Too afraid to ask: How does the electoral college work?

    Graphic courtesy of C-SPAN

    Ahhh, the electoral college. It conjures up images of red states, blue states, swing states, 270 to win, 538 and unnecessarily complicated solutions to problems. Let’s break down exactly how the United States counts the votes for president and understand why we ended up with the #aesthetic map of red and blue states.

    How did the electoral college start?

    The United States was founded in a world where the fastest form of communication was a letter on a horse. A national popular vote would have been very hard to correctly record, so the founders created an alternative system where political elites traveled to Washington, D.C. after the general election to cast the votes for president.

    These elites, or electors, ranged from party operatives to members of Congress. Instead of voting for president directly, Americans instead vote for electors in November who then vote for the candidates in December.

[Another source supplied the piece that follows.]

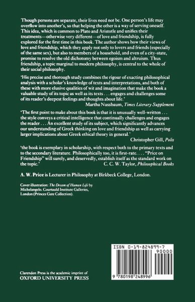 Reissued in 1997 with corrections and a new Afterword, this book fully explores for the first time an idea common to Plato and Aristotle, which unites their treatments-- otherwise very different--of love and friendship. The idea is that although persons are separate, their lives need not be. One person's life may overflow into another's, and as such, helping another person is a way of serving oneself. The author shows how their view of love and friendship, within not only personal relationships, but also the household and even the city-state, promises to resolve the old dichotomy between egoism and altruism.
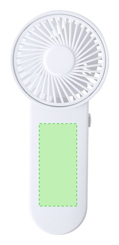 Ventilador de mano en resistente ABS. Con botón lateral de on/off y disponible en variada gama de vivos colores. Alimentación a pilas -2xAA no incluidas. Presentado individualmente en caja.

    It was also a matter of control. As musical superstar Alexander Hamilton wrote in the Federalist Papers, the president should be elected “by men most capable of analyzing the qualities adapted to the station.” In other words, the founders didn’t really trust the common man to make political decisions.

    So, how does it work?

    Basically, the number of electors is equal to the members of Congress. The house (435) + Senate (100) + the District of Columbia (after a constitutional amendment gave the District voting rights in the 1960s, 3) = 538. The electors are then divided between the states based on the number of Congresspeople in each state. The lowest possible amount is three (senator + senator + representative) and it goes up to 55, the amount California has. When you vote for president in your state, you’re actually voting for an elector that’s pledged to support your candidate. Most states run their elections on a winner-take-all basis, except for Maine and Nebraska, which award two electors to the winners of congressional districts in addition to the winner-take-all for the state. The candidate that gets the majority, no matter how small, automatically wins all the delegates from that state. Add up delegates until you reach 270, and congratulations to the new president. Simple, right?

    What’s the problem with it?

    Remember in the last paragraph when you read that electors vote for your candidate? Think of it as a courtesy, not a requirement. Yeah. Only 29 states and D.C. punish, usually with fines, electors for not following the popular vote. It’s not clear if those laws are constitutional. In 21 states, including Illinois, electors are free to look at the popular vote, say “meh,” and then vote for whoever they want with no consequences. This has happened 157 times in American history.

    The electoral college is also tie-tacular. If there’s a 269-269 split (or if no candidate gets above 270), the election is thrown to the House. But, there’s a catch. House members don’t vote individually – they vote as states. And there are 50 states. Sigh.

    In addition, the vice president doesn’t come along for the ride. Senators, voting individually (because why not), get to pick. There are 100 senators. Also, since the Senate and the House vote totally independent of each other, it’s possible to end up with a president from one party and a vice president from the other!

    How does it influence political campaign strategies?

    All votes are equal, but some are more equal than others. Since states are winner-take-all, if a candidate knows that a state will vote 80/20 for him he doesn’t need to spend any resources there. That’s why we have “red” states and “blue” states. On the other hand, if a state is very close to 51/49 for a candidate, he will spend lots of time and money there to gain those sweet electoral votes – the birth of “swing” states. Thanks to these margins, it’s possible to win the popular vote and lose the electoral college. Counting yesterday's election, it’s happened four times in American history (the second most-recent being in 2000).

    There you have it. You finally understand the electoral college – the least complicated, absolutely foolproof way we electors choose the president.